Goal of the exercise: Please return every line of the material verbatim and skip any images.

Provided data:
*** Block opens ***

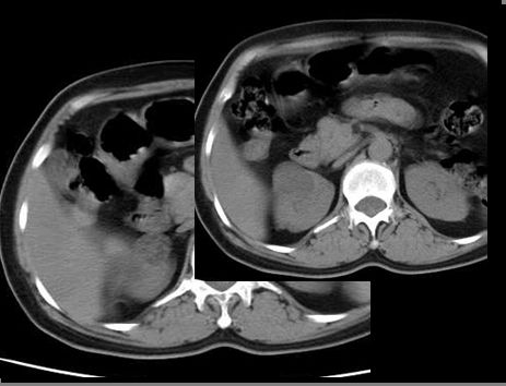 4.腹腔内实质脏器破裂 表现为突发性腹痛、反跳痛及腹肌紧张,因严重出血而导致休克,易与肾错构瘤自发破裂出血相混淆。但出血前已有原发脏器病变,如肝癌等。外伤或剧烈活动常为破裂出血的诱因。无血尿表现,IVU示肾盂肾盏形态正常,超声检查肾脏为正常声像。
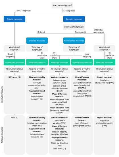 Ordered measures can be calculated for inequality dimension with subgroups that have a natural ordering, such as wealth quintiles. They can be grouped into two categories: disproportionality measures, which express inequality as a function of shares of the health indicator compared to shares of the population, and regression-based measures, which make use of an appropriate regression model to estimate the association between the rank of subgroups and the health indicator [10,24].
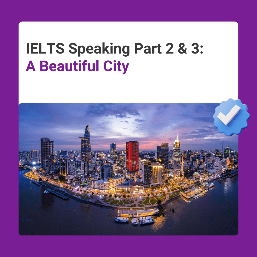 Bài viết chia sẻ hai bài mẫu cho Part 2 và Part 3 về cách mô tả một thành phố đẹp. Mỗi bài mẫu sẽ giúp bạn học cách sử dụng từ ngữ và cách triển khai ý tưởng hiệu quả.
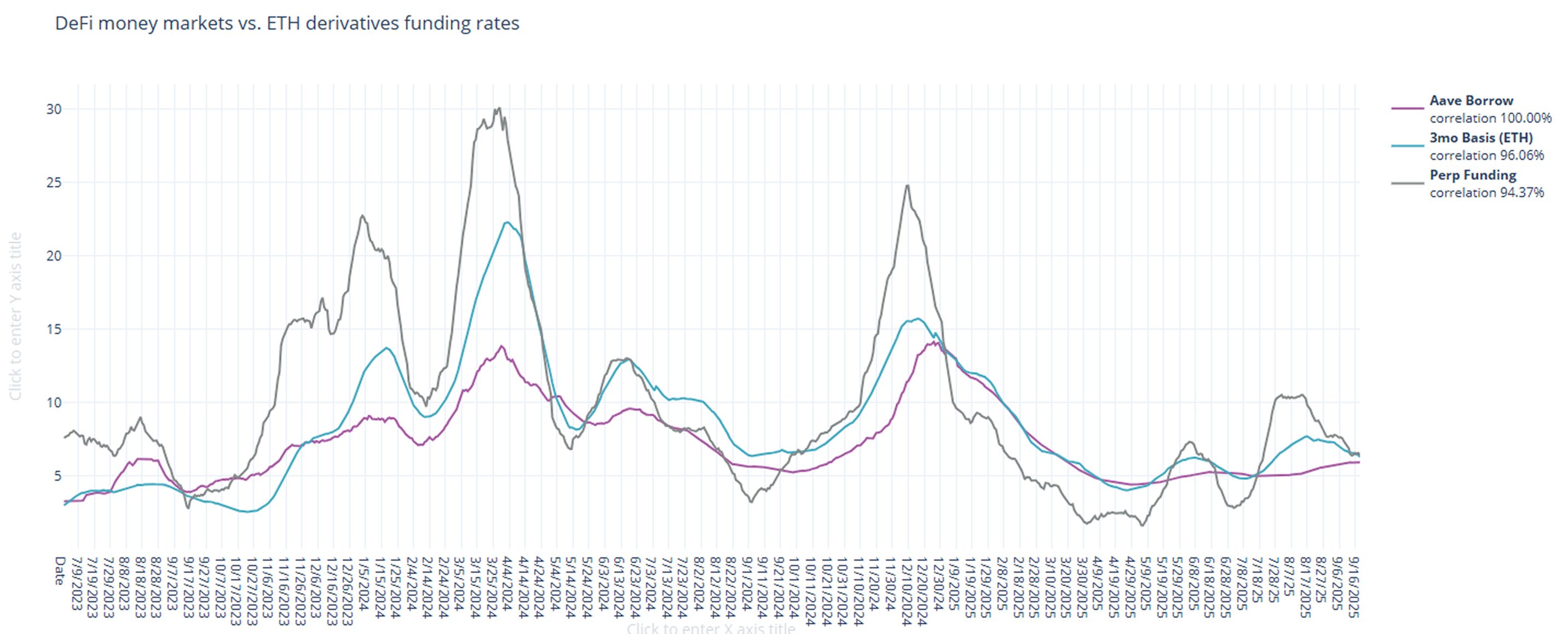 With derivatives funding rates on the decline, the ratio between DeFi and derivatives funding continues to normalize back towards parity.

*** Block closes ***

Written answer:
 4.腹腔内实质脏器破裂 表现为突发性腹痛、反跳痛及腹肌紧张,因严重出血而导致休克,易与肾错构瘤自发破裂出血相混淆。但出血前已有原发脏器病变,如肝癌等。外伤或剧烈活动常为破裂出血的诱因。无血尿表现,IVU示肾盂肾盏形态正常,超声检查肾脏为正常声像。
 Ordered measures can be calculated for inequality dimension with subgroups that have a natural ordering, such as wealth quintiles. They can be grouped into two categories: disproportionality measures, which express inequality as a function of shares of the health indicator compared to shares of the population, and regression-based measures, which make use of an appropriate regression model to estimate the association between the rank of subgroups and the health indicator [10,24].
 Bài viết chia sẻ hai bài mẫu cho Part 2 và Part 3 về cách mô tả một thành phố đẹp. Mỗi bài mẫu sẽ giúp bạn học cách sử dụng từ ngữ và cách triển khai ý tưởng hiệu quả.
 With derivatives funding rates on the decline, the ratio between DeFi and derivatives funding continues to normalize back towards parity.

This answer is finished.